> [Exercise] In the listing below, find the line with "第三个逆势大涨的主要项目是s" and copy every line from there up to and including the line with "很不幸地,緊縮並未帶來緩和的", exactly and without pictures.

*** Opening Extracted records ***

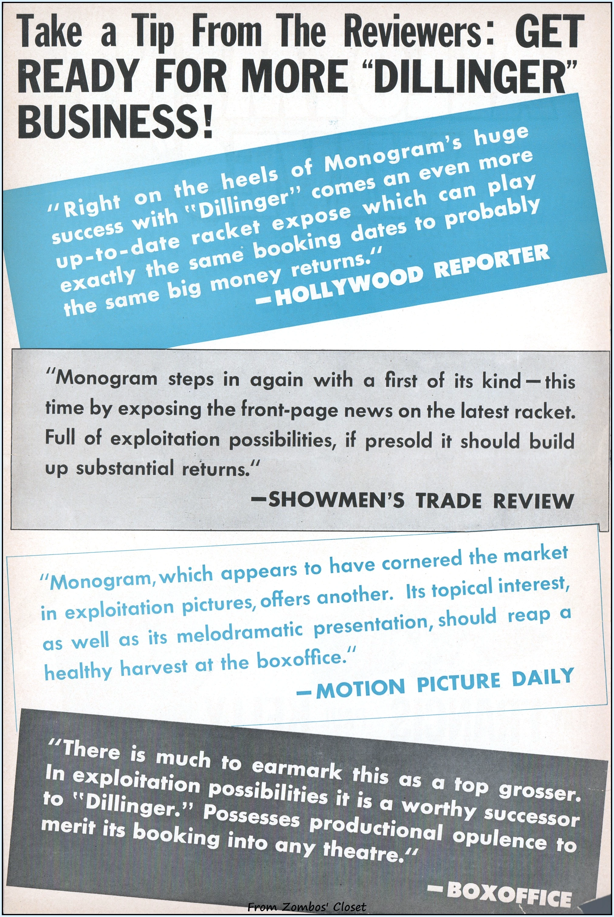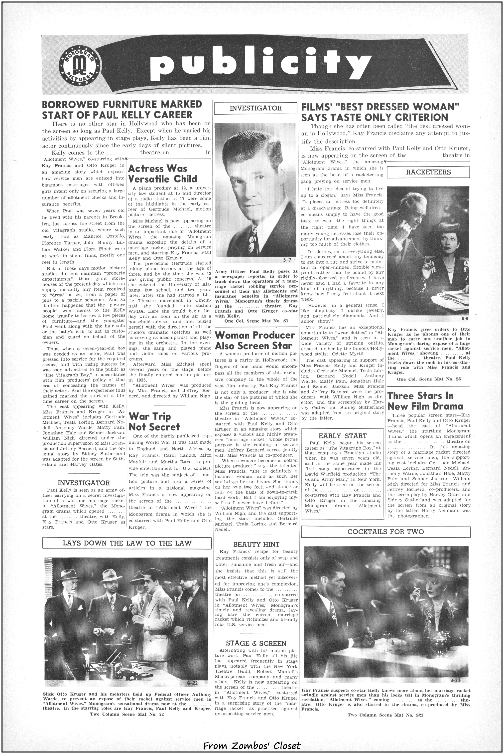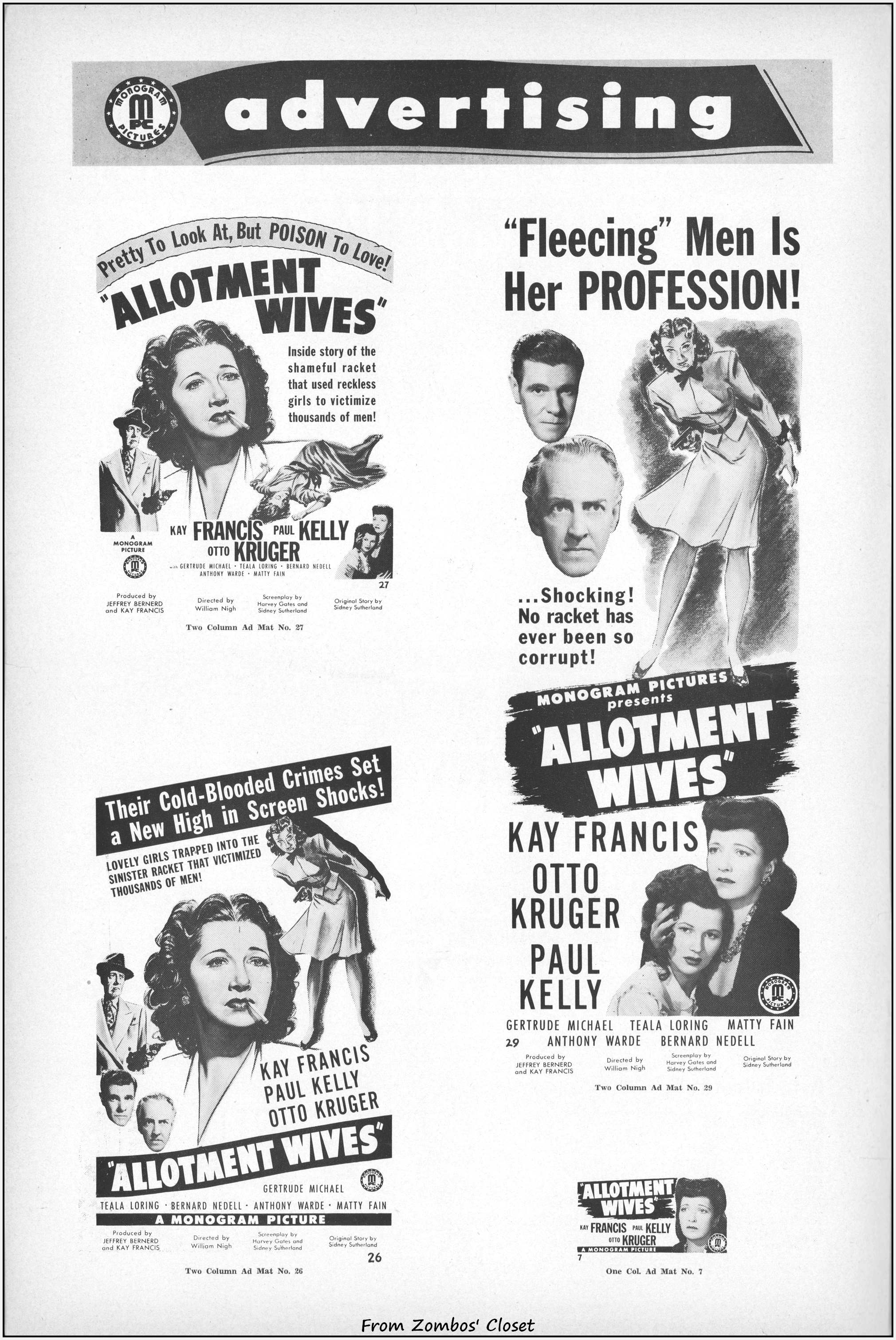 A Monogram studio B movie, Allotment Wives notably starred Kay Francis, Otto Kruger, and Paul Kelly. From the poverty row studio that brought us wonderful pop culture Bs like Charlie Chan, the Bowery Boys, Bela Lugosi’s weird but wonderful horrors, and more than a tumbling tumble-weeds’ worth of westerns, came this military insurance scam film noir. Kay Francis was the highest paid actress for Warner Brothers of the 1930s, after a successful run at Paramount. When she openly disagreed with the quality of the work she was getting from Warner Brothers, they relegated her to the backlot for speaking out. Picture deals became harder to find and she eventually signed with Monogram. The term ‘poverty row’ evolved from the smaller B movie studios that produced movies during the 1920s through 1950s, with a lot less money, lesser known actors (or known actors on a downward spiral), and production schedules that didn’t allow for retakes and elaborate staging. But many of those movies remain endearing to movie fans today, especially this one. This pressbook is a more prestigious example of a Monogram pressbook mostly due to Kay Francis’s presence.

*** Closing Extracted records ***
*** Opening Extracted records ***

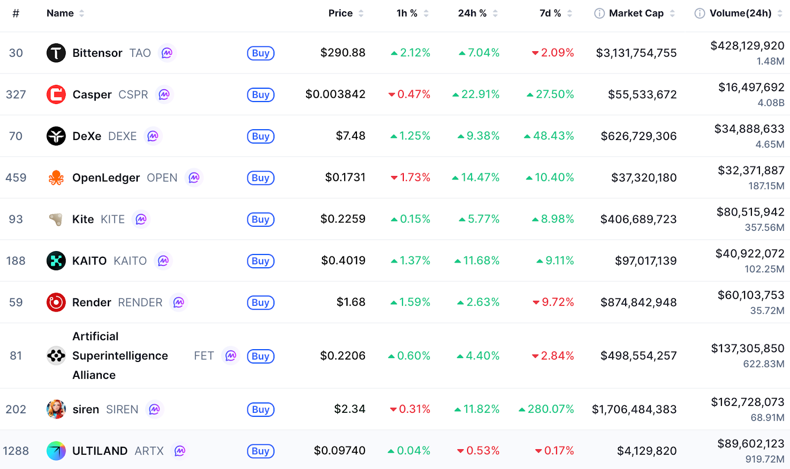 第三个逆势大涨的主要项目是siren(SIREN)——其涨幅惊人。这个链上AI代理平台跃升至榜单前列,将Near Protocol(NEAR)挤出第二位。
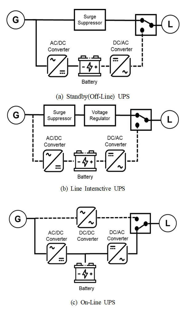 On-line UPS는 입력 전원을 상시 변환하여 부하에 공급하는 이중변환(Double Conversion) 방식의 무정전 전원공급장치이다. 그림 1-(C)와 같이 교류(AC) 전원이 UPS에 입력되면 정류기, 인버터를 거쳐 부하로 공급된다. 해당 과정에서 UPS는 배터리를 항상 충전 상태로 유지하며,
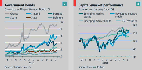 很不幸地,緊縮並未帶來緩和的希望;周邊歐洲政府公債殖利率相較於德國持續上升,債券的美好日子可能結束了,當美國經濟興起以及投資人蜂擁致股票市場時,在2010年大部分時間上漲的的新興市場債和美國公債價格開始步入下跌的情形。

*** Closing Extracted records ***
*** Opening Extracted records ***

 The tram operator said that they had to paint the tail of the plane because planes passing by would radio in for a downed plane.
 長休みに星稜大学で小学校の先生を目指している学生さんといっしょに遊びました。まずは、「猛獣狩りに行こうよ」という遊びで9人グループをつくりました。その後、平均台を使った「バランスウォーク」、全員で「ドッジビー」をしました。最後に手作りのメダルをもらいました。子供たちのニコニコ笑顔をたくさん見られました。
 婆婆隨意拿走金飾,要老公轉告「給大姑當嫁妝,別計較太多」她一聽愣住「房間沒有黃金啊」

*** Closing Extracted records ***

> [Answer]
 第三个逆势大涨的主要项目是siren(SIREN)——其涨幅惊人。这个链上AI代理平台跃升至榜单前列,将Near Protocol(NEAR)挤出第二位。
 On-line UPS는 입력 전원을 상시 변환하여 부하에 공급하는 이중변환(Double Conversion) 방식의 무정전 전원공급장치이다. 그림 1-(C)와 같이 교류(AC) 전원이 UPS에 입력되면 정류기, 인버터를 거쳐 부하로 공급된다. 해당 과정에서 UPS는 배터리를 항상 충전 상태로 유지하며,
 很不幸地,緊縮並未帶來緩和的希望;周邊歐洲政府公債殖利率相較於德國持續上升,債券的美好日子可能結束了,當美國經濟興起以及投資人蜂擁致股票市場時,在2010年大部分時間上漲的的新興市場債和美國公債價格開始步入下跌的情形。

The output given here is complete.